Association fructueuse 

Une chose est sûre, cette longue association a été bénéfique pour le joueur de 20 ans, qui a atteint le 17e échelon mondial sous la férule de Marx et de Frédéric Fontang, qui continuera pour sa part de travailler avec Auger-Aliassime. Depuis avril, le résident de Monaco assume tous les frais liés à sa carrière.

Si son premier titre sur le circuit de l’ATP se fait toujours attendre après six finales, dont trois en 2020, le prodige québécois a gravi les échelons à un rythme effréné au cours des dernières années après un passage remarqué au niveau junior, où il avait notamment été couronné en Grand Chelem. 

«Je suis vraiment fier de la longévité et de la confiance qu’il m’a faite toutes ces années. C’est rare sur le circuit qu’on voie cette confiance [durer] aussi longtemps. De partir du 400e rang jusqu’au top 20, ça a été une aventure incroyable et probablement que je ne revivrai jamais ça, du moins, je n’en suis pas sûr du tout», a reconnu Marx.

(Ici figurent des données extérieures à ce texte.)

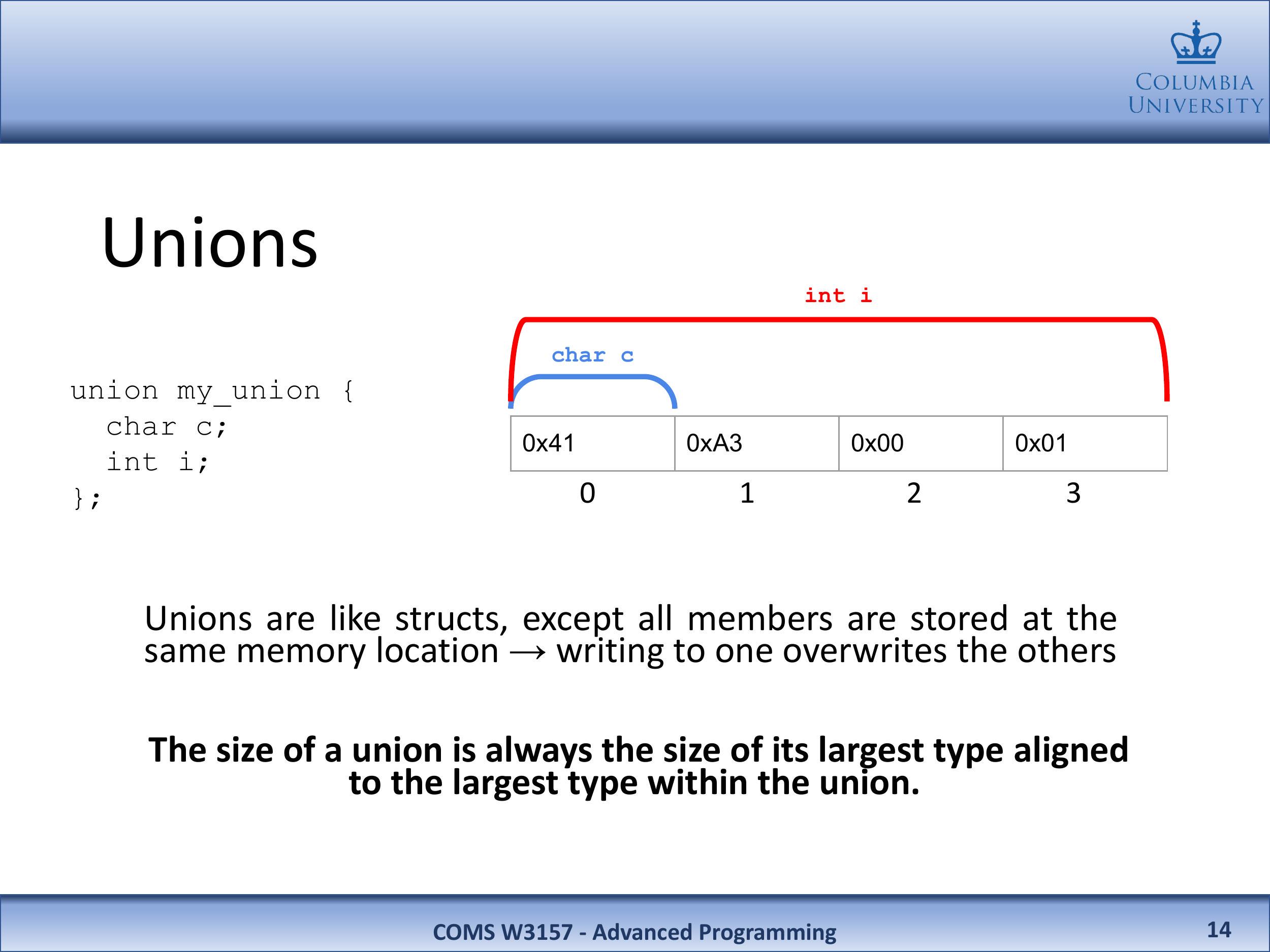 联合体类似于结构体,不同之处在于所有成员都存储在相同的内存位置 ⟶ 写入一个成员会覆盖其他成员。

Encouragé par les succès d’Auger-Aliassime cette saison (fiche de 23-17), Marx est bien placé pour affirmer que sa progression est loin d’être terminée. En attendant de constater le tout à distance, il a dressé les aspects qui l’ont impressionné chez son ancien protégé.

«Son comportement et sa capacité de travail sont quand même très élevés. On ne peut pas faire ce qu’il a fait sans ça et sans sa capacité d’affronter des obstacles. Il est très réfléchi, on avait beaucoup de discussions. Dans son jeu, il y a sa puissance, son coup droit et il a développé une grosse première balle. Tout petit, son service n’était pas son fort, mais il est maintenant un des meilleurs serveurs au monde», a souligné l’entraîneur.

La suite

Marx est d’avis que l’équipe d’Auger-Aliassime pourra dresser une longue liste de successeurs potentiels. Rien ne presse toutefois puisque la saison tire à sa fin. Le Québécois participera au dernier tournoi officiel de l’année la semaine prochaine à Sofia, en Bulgarie. 

«À terme, je suis convaincu qu’il va embaucher quelqu’un. Il va prendre son temps pour bien choisir la personne, je suis sûr qu’il va trouver quelqu’un. Son agent va avoir beaucoup de mails!» a lâché Marx, ravi que Tennis Canada lui redonne son rôle auprès des jeunes du Centre national, à Montréal.